Indeed, Westminster is the kind of place where wardrobe superstitions are born. Janice Hayes of Lockeford, California, the handler for the English springer spaniel who took best of breed, had nothing to wear for the sporting group competition. She saw her friend Jamie Lamphier showing her Irish setter while wearing a sparkling coral St. John’s suit, and knew it would set off a brown and white spaniel perfectly. So she borrowed the dress. Hayes’ dog won its group with her in coral, so it is a lucky dress; Lamphier is hoping the luck will rub off on her next time.

At around 11:10 p.m. on Feb. 17, Miss P, a 15-inch beagle, won Westminster’s Best in Show title, posing with the customary purple and gold rosette (note to organizers: No one, not even a beagle, looks good against purple and gold). Her next day would be a blur of photo ops, including one eating strip steak at Sardi’s with the designer Michael Kors.

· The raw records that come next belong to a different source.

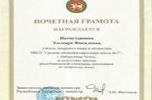 Благодарим учителя татарского языка и литературы Назмутдинову Эльмиру Факилевну, за подготовку призера республиканской олимпиады школьников по татарскому языку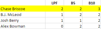 *Briscoe is the first driver to score consecutive Cup Series last-place finishes since September 7, 2025, when Josh Berry scored the second of his three last-place runs in a row at Gateway, part of a disastrous exit from the “Round of 16.”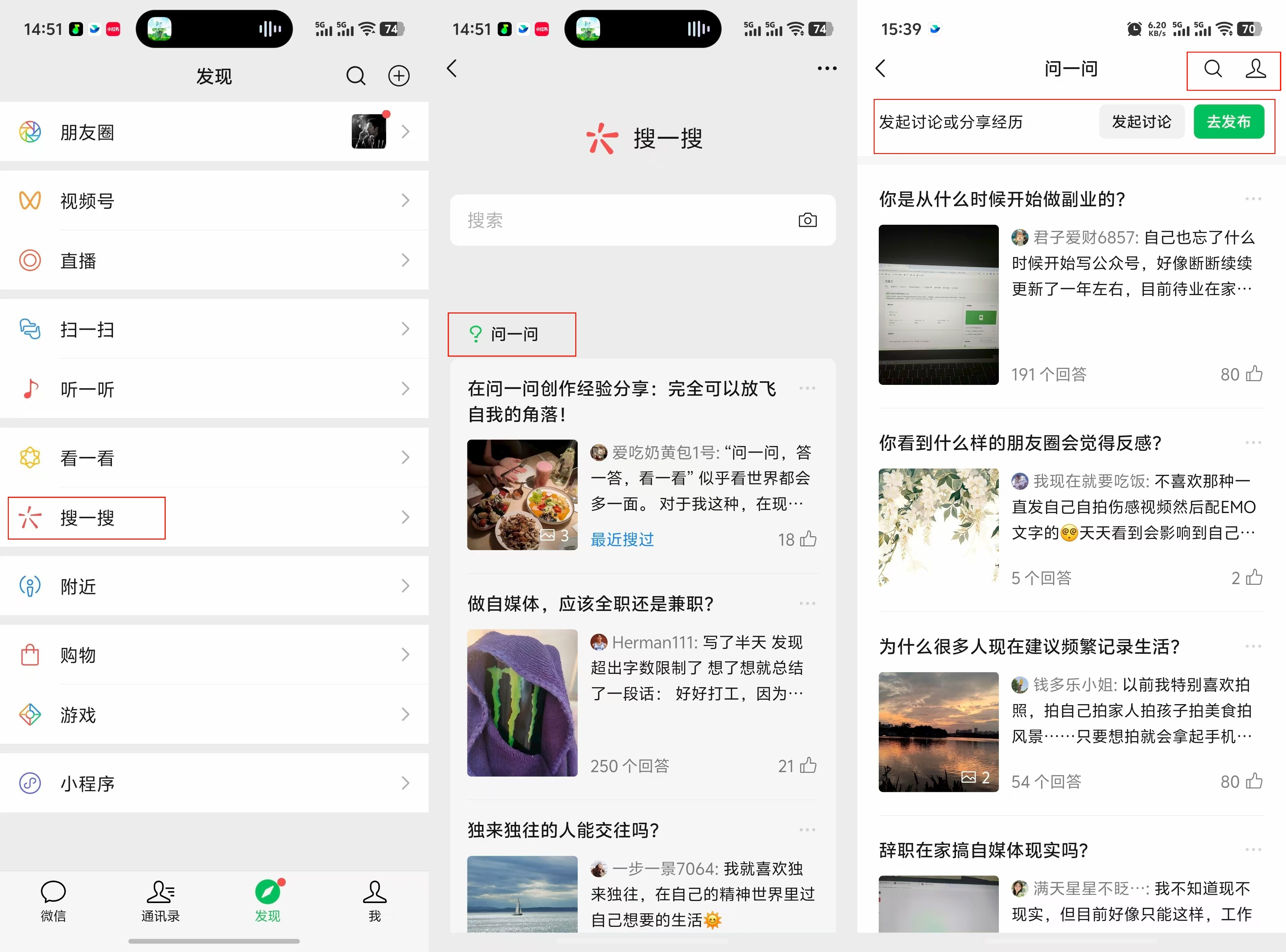 问一问入口:微信“发现”页面→进入“搜一搜”→点击前往“问一问”。

But for the rest, competitor fatigue seemed to quickly sink in. Owners and their charges began to pack up. Ties were loosened, jackets tossed aside. There was a general air of a return to rumpled reality.

And were there a lot of droopy tails, too? “Many of these dogs live for the crowds and the cheering,” Roberts said.

In an elevator leaving the show was a woman in a voluminous cashmere cowl-neck sweater. Peeking out of it were two indignant bulging eyes, backed up by a low, soft growl.

Apparently, the dog was not headed to Sardi’s.

“He hates it when the party’s over,” the woman said.

This story appeared in Animal Scene’s April 2015 issue.